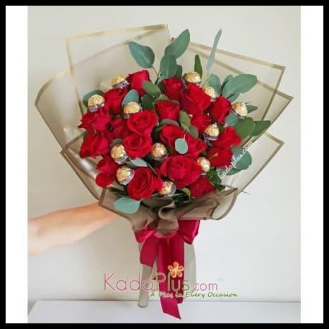 24 stems of stunning red roses, 12 Ferrero Chocolates, with vintage greens wrapped in luxurious golden wrappings.
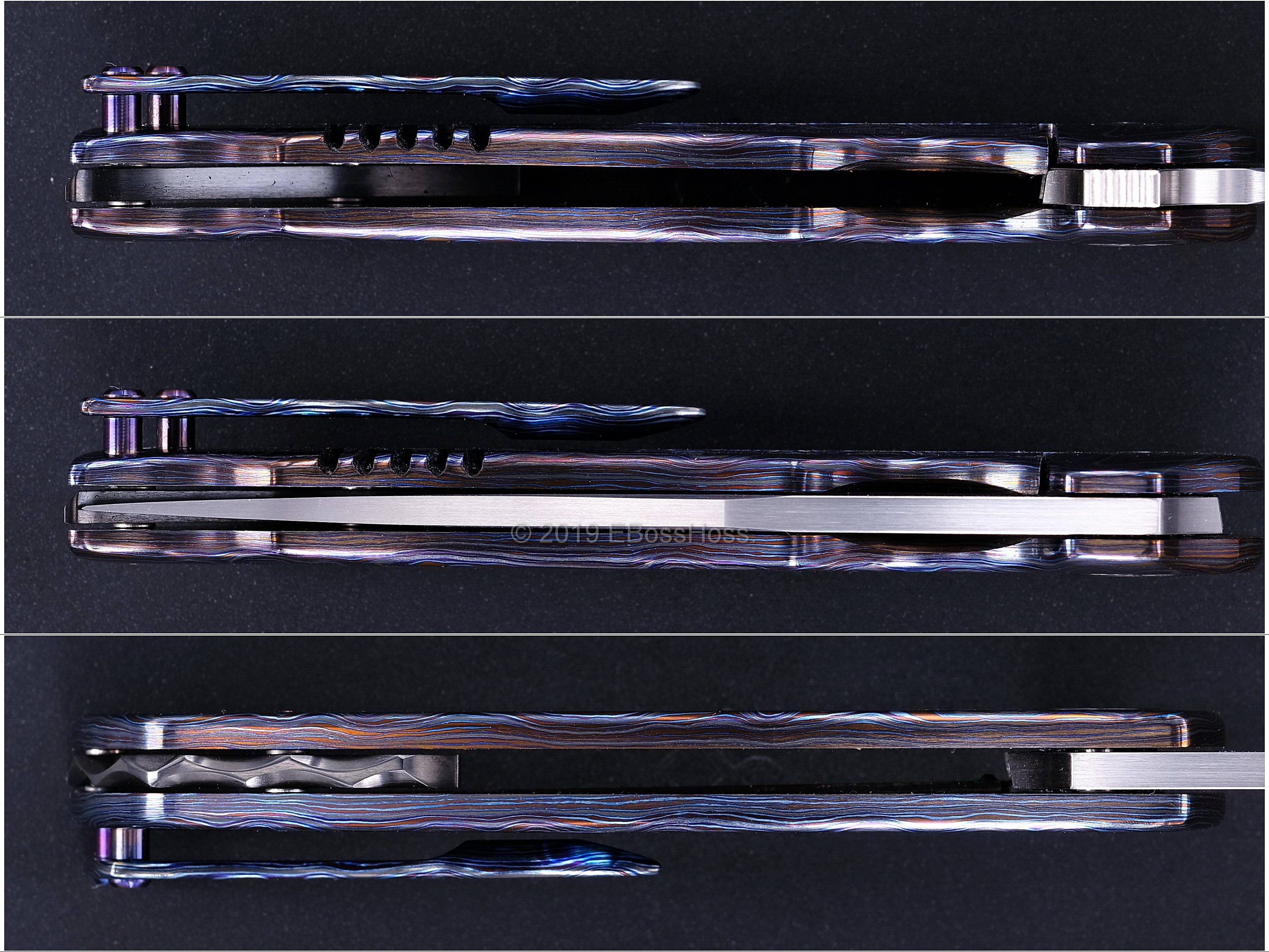 - Custom 3-piece Tip-up Milled 3-D Black Timascus Pocket Clip
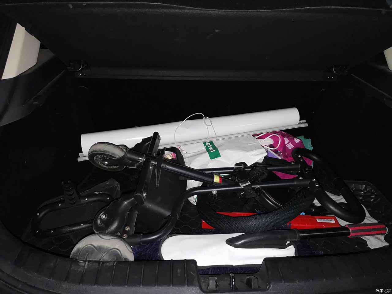 后备箱放小孩的车子外加一个不大不小的箱子没有问题,结构设计也很合理。
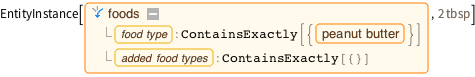"Food", {EntityProperty["Food", "FoodType"] -> ContainsExactly[{
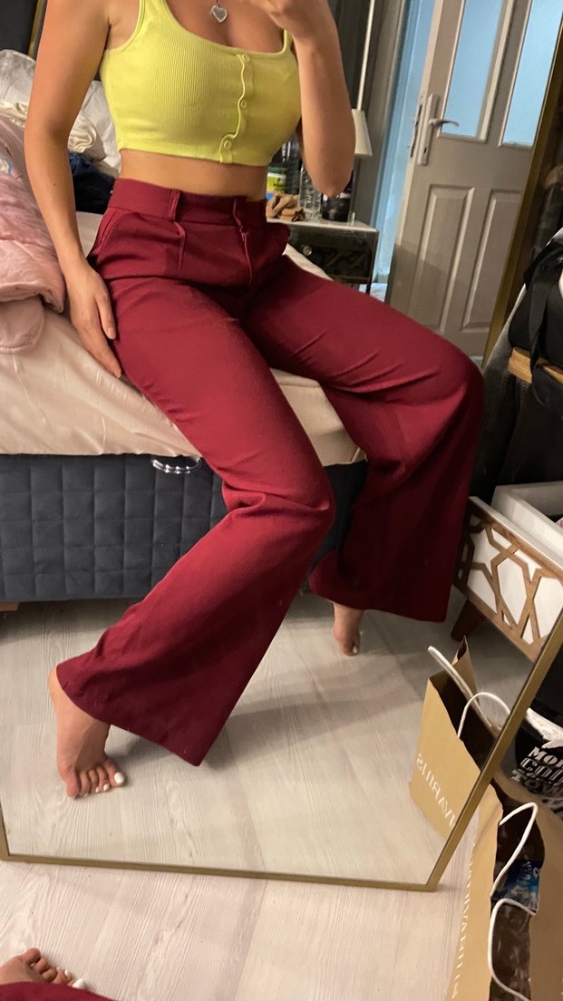 Bordo renk, düğmeli, salaş kesim, midi boy ve ipeksi dokulu kadın pantolon. Ofis ve günlük şehir stiline uygundur.
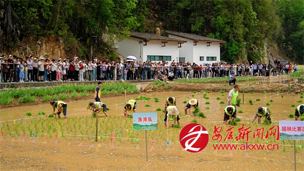 10點50分,插秧比賽正式開始,只見寨溝村、龍泉村、漁灣村、湯坪村四支隊伍在水田中依次排開。 隨著清脆的哨響,四支插秧隊伍迅速進入狀態(tài),水田瞬間化作激烈的賽場。彎腰俯身,左手攥緊秧苗,右手分秧、插秧,一株株嫩綠的秧苗被精準插入田中,泥水飛濺間,選手們你追我趕,汗水與歡笑交織,將傳統(tǒng)農(nóng)事活動演繹成了一場精彩絕倫的視覺盛宴。
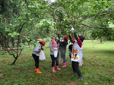 1年生は初めての、6年生は最後の梅ちぎりでしたが、子ども達は丸々と実った梅の実をうれしそうにちぎっていました。収穫後、学校に帰って5・6年生が重さを量ってくれました。今年は全部で34.4kgの収穫がありました。
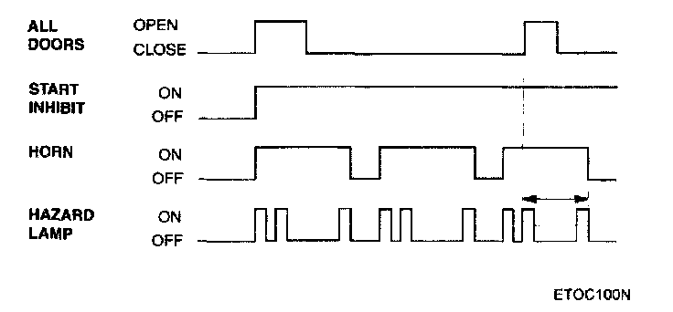- Audible (horn) and visual (hazard lamp) warnings are issued, for three cycles, each cycle 27 ± 2 sec. duration on, 10 ± 1 sec. off. The horn warning is continuously occurring during the on period. The hazard lamps operate with 1 sec period, 50 % duty rate during the on period.
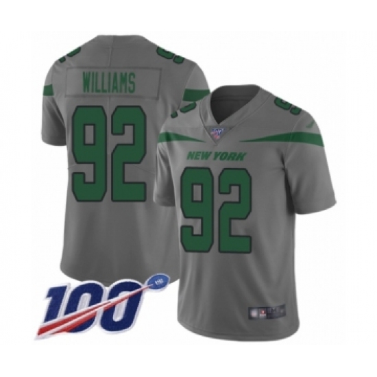 >Youth New York Jets #92 Leonard Williams Limited Gray Inverted Legend 100th Season Football Jersey
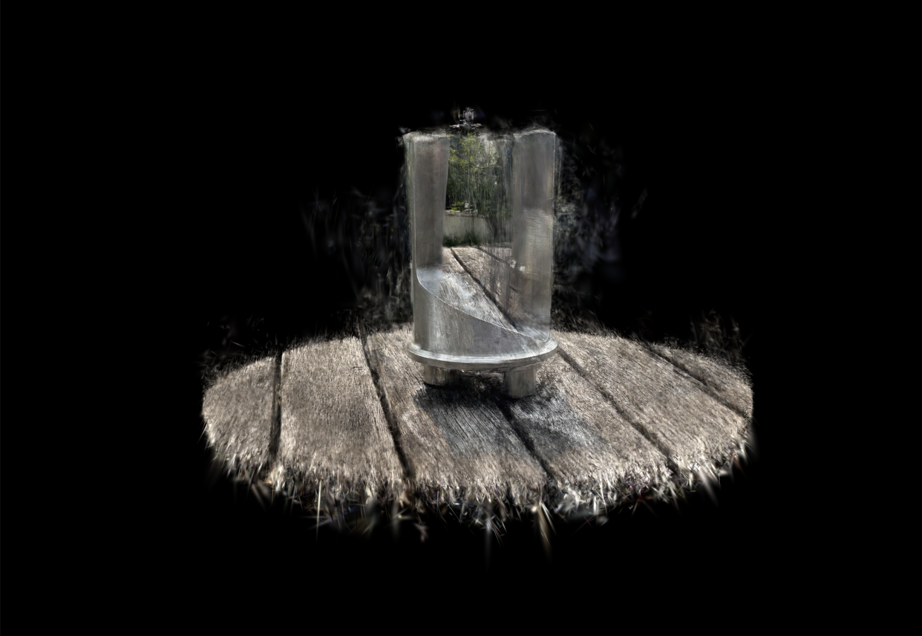 Le modèle GS révèle la schizophrénie du cylindre : à l’intérieur, un fragment de jardin hors-champ — arbres, végétation — capturé dans le reflet de l’aluminium poli. À l’extérieur, le chaos : le bois de la table explose en filaments, les splats se désintègrent en périphérie comme une matière en décomposition.
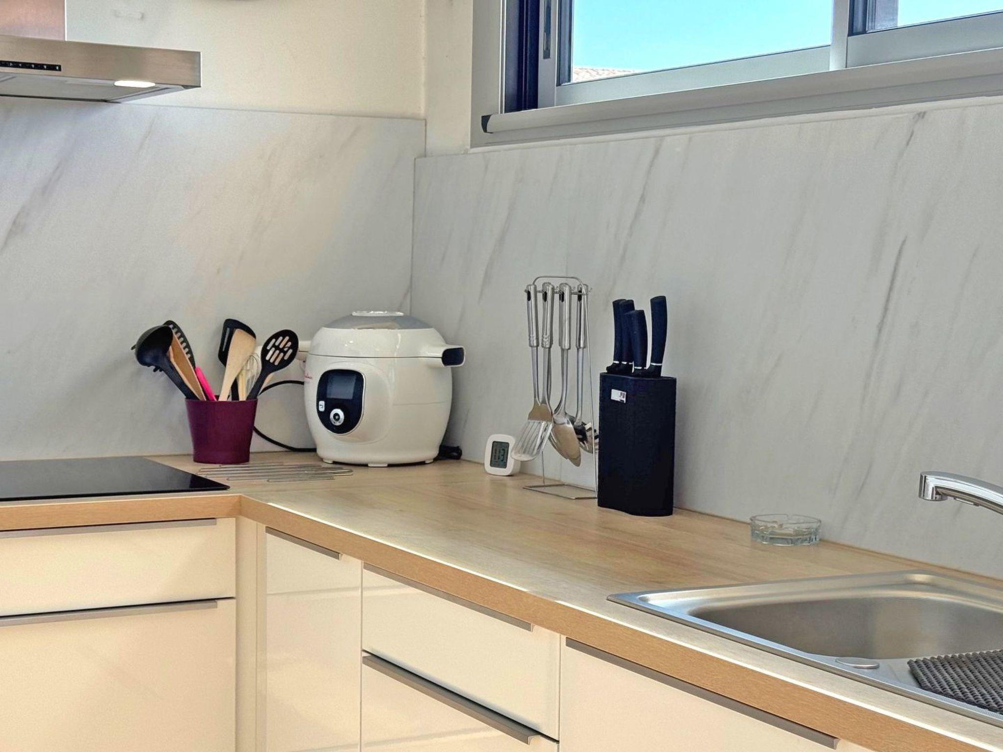 - Separate kitchen with fridge, freezer, oven, kettle, washing machine, dishwasher, coffee maker, 4-burner electric hob, crockery and cutlery.

+-------+

§ REQUIRED ACTION
A verbatim copy of the listing, with all pictures removed, is required.

§ TASK RESULT
 24 stems of stunning red roses, 12 Ferrero Chocolates, with vintage greens wrapped in luxurious golden wrappings.
 - Custom 3-piece Tip-up Milled 3-D Black Timascus Pocket Clip
 后备箱放小孩的车子外加一个不大不小的箱子没有问题,结构设计也很合理。
"Food", {EntityProperty["Food", "FoodType"] -> ContainsExactly[{
 Bordo renk, düğmeli, salaş kesim, midi boy ve ipeksi dokulu kadın pantolon. Ofis ve günlük şehir stiline uygundur.
 10點50分,插秧比賽正式開始,只見寨溝村、龍泉村、漁灣村、湯坪村四支隊伍在水田中依次排開。 隨著清脆的哨響,四支插秧隊伍迅速進入狀態(tài),水田瞬間化作激烈的賽場。彎腰俯身,左手攥緊秧苗,右手分秧、插秧,一株株嫩綠的秧苗被精準插入田中,泥水飛濺間,選手們你追我趕,汗水與歡笑交織,將傳統(tǒng)農(nóng)事活動演繹成了一場精彩絕倫的視覺盛宴。
 1年生は初めての、6年生は最後の梅ちぎりでしたが、子ども達は丸々と実った梅の実をうれしそうにちぎっていました。収穫後、学校に帰って5・6年生が重さを量ってくれました。今年は全部で34.4kgの収穫がありました。
- Audible (horn) and visual (hazard lamp) warnings are issued, for three cycles, each cycle 27 ± 2 sec. duration on, 10 ± 1 sec. off. The horn warning is continuously occurring during the on period. The hazard lamps operate with 1 sec period, 50 % duty rate during the on period.
 >Youth New York Jets #92 Leonard Williams Limited Gray Inverted Legend 100th Season Football Jersey
 Le modèle GS révèle la schizophrénie du cylindre : à l’intérieur, un fragment de jardin hors-champ — arbres, végétation — capturé dans le reflet de l’aluminium poli. À l’extérieur, le chaos : le bois de la table explose en filaments, les splats se désintègrent en périphérie comme une matière en décomposition.
 - Separate kitchen with fridge, freezer, oven, kettle, washing machine, dishwasher, coffee maker, 4-burner electric hob, crockery and cutlery.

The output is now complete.